# Energy release from 75c drop in water temp, 1L?

• supak111
In summary, the conversation discusses the amount of energy released in joules when 1 liter of water at 100C is dropped to 25C, and for every 1C drop in temperature. It also questions if the release of energy is linear and if it takes the same amount of energy to go from 20 to 21C as it does to go from 90 to 91C. The answer is yes, for water, the specific heat is a constant with temperature. However, phase changes also play a role in the amount of energy released.
supak111
Hey everyone can anyone tell me how much energy is released (joules) if you take 1 liter of water at 100C and drop it down to 25C (room temp, reg pressure)? Is it significant amount?

Better even how much energy is released (approximately) for every 1c drop in temp? Is the release in energy linear? Say 90C to 89C vs 50C to 49C, both same amount of energy?

Last edited:
supak111 said:
Hey everyone can anyone tell me how much energy is released (joules) if you take 1 litter of water at 100c and drop it down to 25c (room temp, reg pressure)?
Most people here can, but you will benifit more by working it out for yourself.
http://hyperphysics.phy-astr.gsu.edu/hbase/thermo/spht.html
Is it significant amount?
Dunno - what do you mean by "significant"?

Niggle:
You mean, 1 litre of water at 100C drop to 25C?
A "1 litter" is "one platform for carrying people on", and "100c" is a dollar.

Lol. So it basically: 80C x 800g x 4.2J= 268,800J? Or am I not doing this right?

Seeing how a AA battery only has about 10,000J, I would consider that significant ;-). In fact I'm kind of shocked it would take about 27 AA batteries

That's right - this is why water plays such a big role in temperature regulation. Though it takes 27 AA batteries to heat the water ... it cools down all by itself.

You can check that it makes sense by considering how long it takes for your kettle to bring a cup of water to boil.

Yea this is true. Is the heating and cooling linear? What I mean is does it take same amount to go from 20 to 21C and it does to go for 90 to 91C for example?

supak111 said:
Yea this is true. Is the heating and cooling linear? What I mean is does it take same amount to go from 20 to 21C and it does to go for 90 to 91C for example?
In terms of the link I gave you, this question amounts to asking if the specific heat is a constant with temperature... for the temperature ranges you cite, for water, yes. However, this is not generally the case, which is why tables of specific heats also list the temperature where they were measured.

Then there is the case of phase changes - look up "latent heat".

Will do and thanks.

## 1. How does a 75 degree Celsius drop in water temperature release energy?

When water is heated, the molecules within the water gain energy and move faster, causing the temperature to rise. When the water cools down, the molecules slow down and lose energy.
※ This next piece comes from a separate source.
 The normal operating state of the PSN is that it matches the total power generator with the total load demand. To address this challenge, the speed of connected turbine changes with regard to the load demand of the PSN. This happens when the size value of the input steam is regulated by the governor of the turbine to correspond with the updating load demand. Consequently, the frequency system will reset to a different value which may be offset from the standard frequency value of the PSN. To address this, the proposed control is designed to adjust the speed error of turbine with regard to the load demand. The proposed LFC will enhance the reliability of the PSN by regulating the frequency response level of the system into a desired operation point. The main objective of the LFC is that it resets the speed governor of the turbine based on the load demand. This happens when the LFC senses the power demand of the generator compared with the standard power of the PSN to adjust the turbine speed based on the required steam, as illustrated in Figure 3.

This energy is released in the form of heat.

## 2. What is the source of the energy released from a 75 degree Celsius drop in water temperature?

The source of the energy released is the thermal energy stored within the water molecules. This energy is released when the temperature of the water decreases.
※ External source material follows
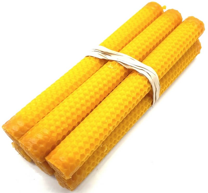 Nuestras velas de cera de abeja virgen son 100% naturales hasta la mecha.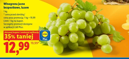 Jasne winogrona bezpestkowe, luzem, można teraz nabyć w Lidl za wyjątkowo korzystną cenę 12,99 za kilogram, dzięki 35% obniżce z ceny regularnej 19,99. Te słodkie i soczyste owoce to idealna przekąska, świetnie sprawdzają się w deserach, sałatkach, a także jako dodatek do dań wytrawnych. Pamiętaj, że limit zakupu to 1 kg na kupon, a szczegóły promocji są dostępne w aplikacji Lidl Plus – aktywuj kupon i ciesz się świeżością tych owoców w atrakcyjnej cenie.

## 3. How is the energy released from a 75 degree Celsius drop in water temperature measured?

The energy released from a drop in water temperature can be measured using a calorimeter. A calorimeter is a device that measures the heat transfer between two substances, in this case, the water and the environment.

## 4. Is the energy released from a 75 degree Celsius drop in water temperature significant?

The amount of energy released from a 75 degree Celsius drop in water temperature can vary depending on the volume of water and the surrounding environment. However, in general, this energy release is considered significant and can be harnessed for various purposes.

## 5. Can the energy released from a 75 degree Celsius drop in water temperature be used as a renewable energy source?

Technically, the energy released from a drop in water temperature is not a renewable energy source as it is simply a transfer of heat energy. However, this energy can be harnessed and converted into usable forms, such as electricity, through methods like geothermal energy. This process is considered renewable as it utilizes the Earth's natural heat and does not deplete finite resources.